As the Court of Claims held in Somali Development Bank v. United States, 205 Ct.Cl. 741, 749-50, 508 F.2d 817, 821 (1974):
The decision of the Supreme Court in United States v. Neustadt, 366 U.S. 696, 81 S.Ct. 1294, 6 L.Ed.2d 614 (1961), removes any doubt that claims based on negligent misrepresentation, wrongful inducement, or the careless performance of a duty allegedly owed, are claims sounding in tort. In that case, the Court held that the United States was not liable to the purchaser of a home who relied on an inaccurate appraisal by the Federal Housing Administration and who was thereby induced to pay a purchase price in excess of the fair market value of the house.
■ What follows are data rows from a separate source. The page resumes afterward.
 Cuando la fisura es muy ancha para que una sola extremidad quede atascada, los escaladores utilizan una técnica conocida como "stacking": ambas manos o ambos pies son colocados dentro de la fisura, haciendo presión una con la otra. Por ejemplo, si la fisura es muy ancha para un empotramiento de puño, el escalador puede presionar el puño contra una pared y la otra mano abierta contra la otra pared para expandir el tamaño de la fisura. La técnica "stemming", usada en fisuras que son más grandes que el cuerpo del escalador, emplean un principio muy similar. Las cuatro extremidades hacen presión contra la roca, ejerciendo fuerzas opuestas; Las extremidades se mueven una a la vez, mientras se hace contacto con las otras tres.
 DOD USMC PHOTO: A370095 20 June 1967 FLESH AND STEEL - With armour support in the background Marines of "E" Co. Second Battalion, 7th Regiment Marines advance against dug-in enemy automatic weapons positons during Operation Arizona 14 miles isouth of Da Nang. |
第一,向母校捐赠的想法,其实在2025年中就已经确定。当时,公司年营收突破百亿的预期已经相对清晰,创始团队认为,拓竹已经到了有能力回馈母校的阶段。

In speaking of the acts of the Government, which were quite similar to those complained of by plaintiffs in this case, the Supreme Court there stated:
To say, as the Fourth Circuit did, that a claim arises out of “negligence,” rather than “misrepresentation” when the loss suffered by the injured party is caused by the breach of a “specific duty” owed by the Government to him, i.e., the duty to use due care in obtaining and communicating information upon which that party may reasonably be expected to rely in the conduct of his economic affairs, is only to state the traditional and commonly understood legal definition of the tort of “negligent misrepresentation,” as is clearly, if not conclusively, shown by the authorities set forth in margin, * *. [366 U.S. at 706, 81 S.Ct. at 1300]
Accordingly, this Court lacks jurisdiction to entertain any claim by Mr. DeRoo based on a tort theory of recovery.
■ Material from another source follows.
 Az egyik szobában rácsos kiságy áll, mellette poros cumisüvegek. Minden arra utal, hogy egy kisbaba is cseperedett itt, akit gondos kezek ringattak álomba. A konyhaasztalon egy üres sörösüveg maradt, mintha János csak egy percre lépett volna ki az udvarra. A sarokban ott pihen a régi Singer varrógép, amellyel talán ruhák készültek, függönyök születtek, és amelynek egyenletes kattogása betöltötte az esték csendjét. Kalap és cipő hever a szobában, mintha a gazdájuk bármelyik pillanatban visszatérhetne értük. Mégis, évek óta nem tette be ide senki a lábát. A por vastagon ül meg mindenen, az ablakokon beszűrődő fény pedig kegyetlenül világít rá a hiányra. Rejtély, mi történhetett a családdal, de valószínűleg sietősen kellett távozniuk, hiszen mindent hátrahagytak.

It should be noted, however, that the Claims Court has interpreted the Tucker Act to “allow jurisdiction over claims which, although perhaps somewhat ‘tortious’ in nature, are essentially based upon the breach of a contractual obligation.” H.H.O. Inc. v. United States, 7 Cl.Ct. at 706. See also Chain Belt Co. v. United States, 127 Ct.Cl. 38, 54, 115 F.Supp. 701, 711-12 (1953). However, in order for an action to be maintained in this Court under that theory, there must be a showing by the plaintiff that a contractual obligation existed. No such showing has been made in this case.
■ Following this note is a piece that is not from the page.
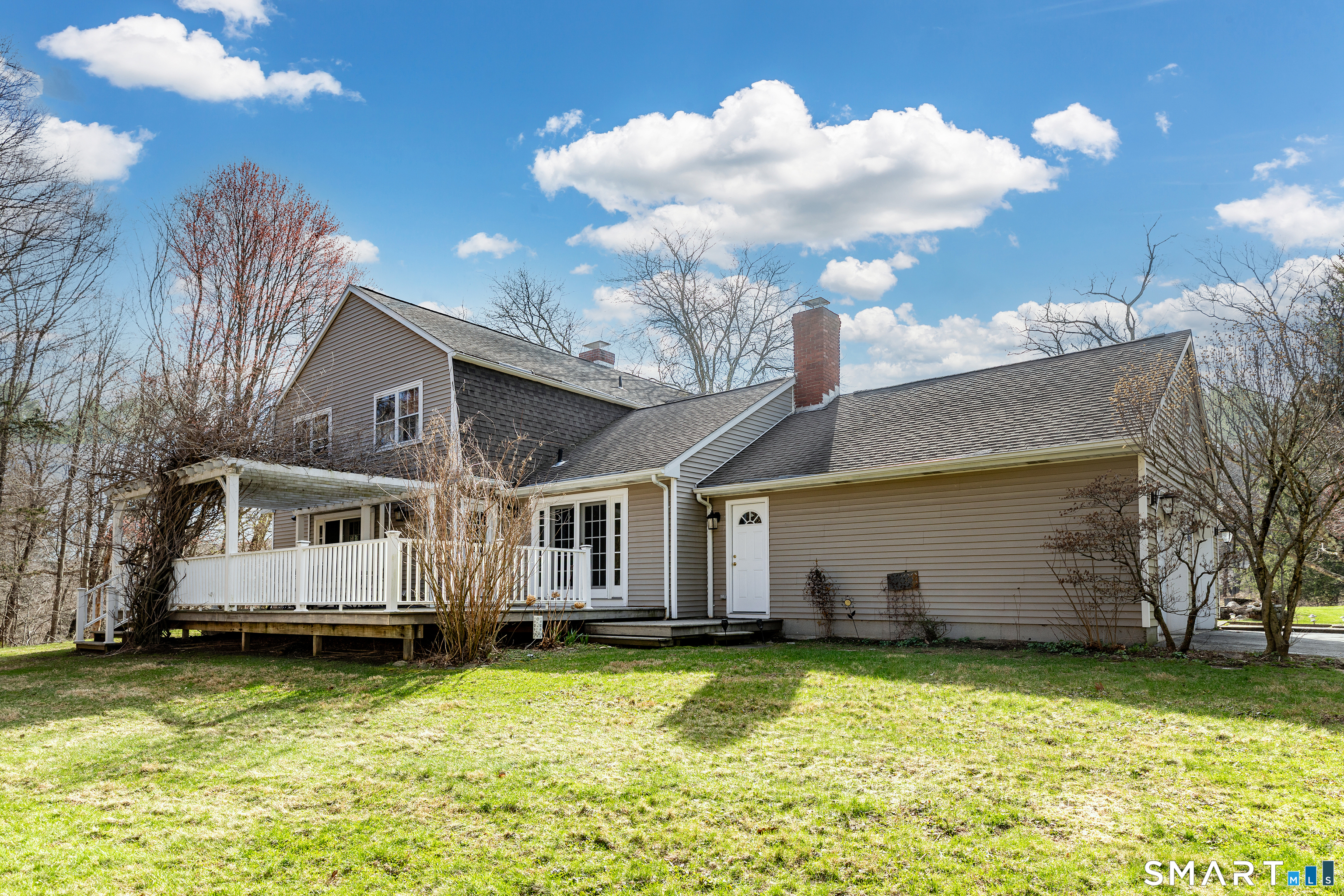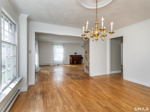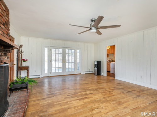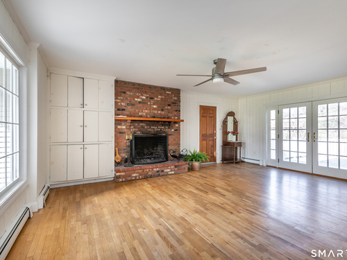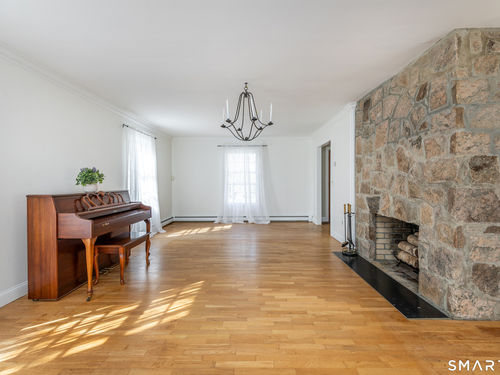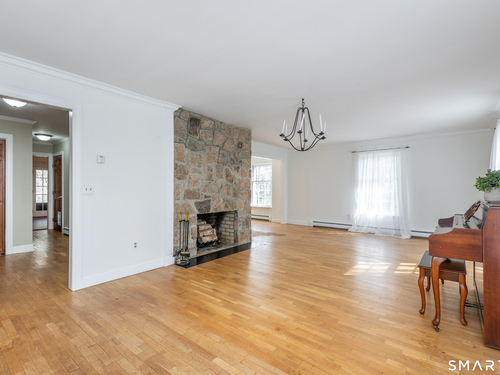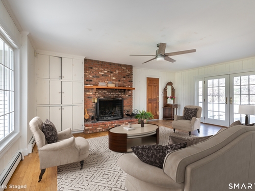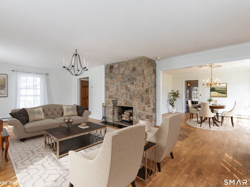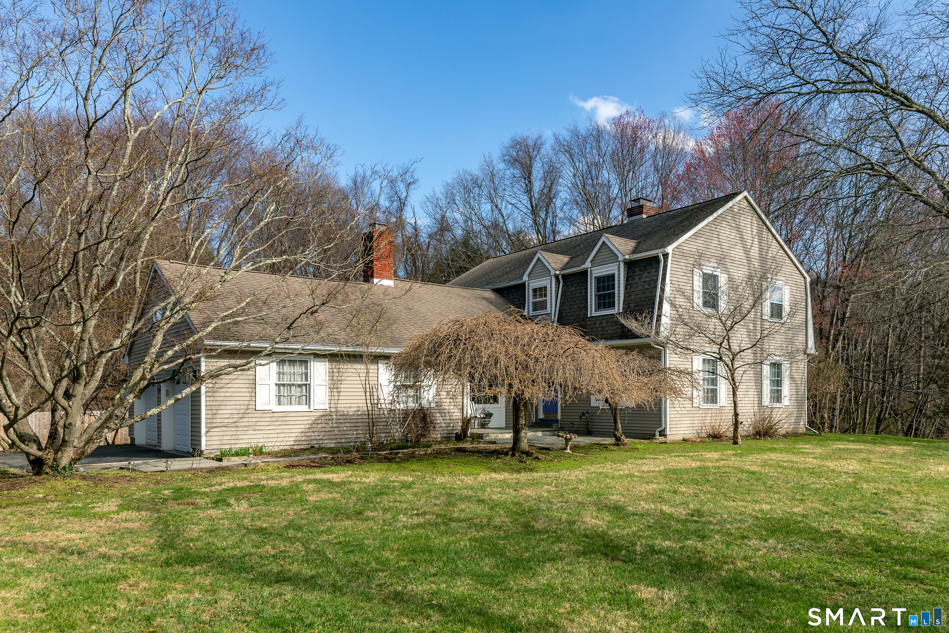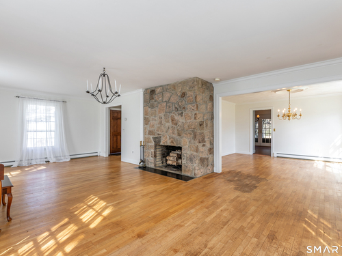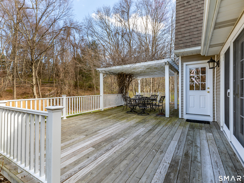 Tucked away on a quiet cul-de-sac just 1/2 mile from the New York state line, this home offers an appealing blend of privacy and convenience on two level acres in a tranquil, natural setting. The main level features generously sized rooms, including an eat-in kitchen with sliders to an exterior deck - ideal for indoor-outdoor living. The dining room and family room flank the kitchen, with the family room offering a cozy fireplace and leading to an expansive 26' living room with a striking stone fireplace. Bright spacious interiors create inviting spaces for both everyday living and entertaining. A welcoming foyer, full bath, and combined laundry/mudroom complete the main level. Upstairs, the primary bedroom suite is accompanied by three additional bedrooms, providing ample space for family and guests. Hardwood floors and abundant natural light on the inside, and mature specimen trees and plantings on the outside, enhance the home's appeal. While the home might benefit from updates, its exceptional floor plan, peaceful setting, and prime location offer tremendous upside potential. Sherman residents enjoy access to a town park with tennis courts, jogging track, playground, and beach on Candlewood Lake. Conveniently located just 90 minutes from Manhattan and minutes to the train, this home offers the perfect balance of country charm and commuter accessibility. Subject to probate approval and offered in "as is" condition. A wonderful opportunity to make it your own.

A motion for summary judgment under Rule 56 of the Rules of the United States Claims Court shall be granted where it appears from the pleadings that there is no genuine issue as to any material fact and that such facts entitle the moving party to a judgment as a matter of law. RUSCC 56(c); Cooper v. Ford Motor Co., 748 F.2d *363677, 679 (Fed.Cir.1984). Summary judgment may not be granted where there are disputed material factual issues which can only be resolved by trial on the merits. Yuba Goldfields, Inc. v. United States, 723 F.2d 884 (Fed.Cir.1983); Niagara Mohawk Power Corp. v. United States, 207 Ct.Cl. 576, 583, 525 F.2d 1380, 1385 (1975). The party seeking summary judgment has the burden of showing that there is no genuine issue of material fact. All inferences must be viewed in the light most favorable to the party opposing the motion. Adickes v. Kress & Co., 398 U.S. 144, 158-59, 90 S.Ct. 1598, 1608-09, 26 L.Ed.2d 142 (1970).
Conclusion
Because the record indicates that there are no genuine issues as to any material fact and because the facts, as viewed in a light most favorable to plaintiff, entitle the defendant to judgment as a matter of law, defendant’s motion for summary judgment is granted and the Clerk of the Court is directed to dismiss the complaint. No costs.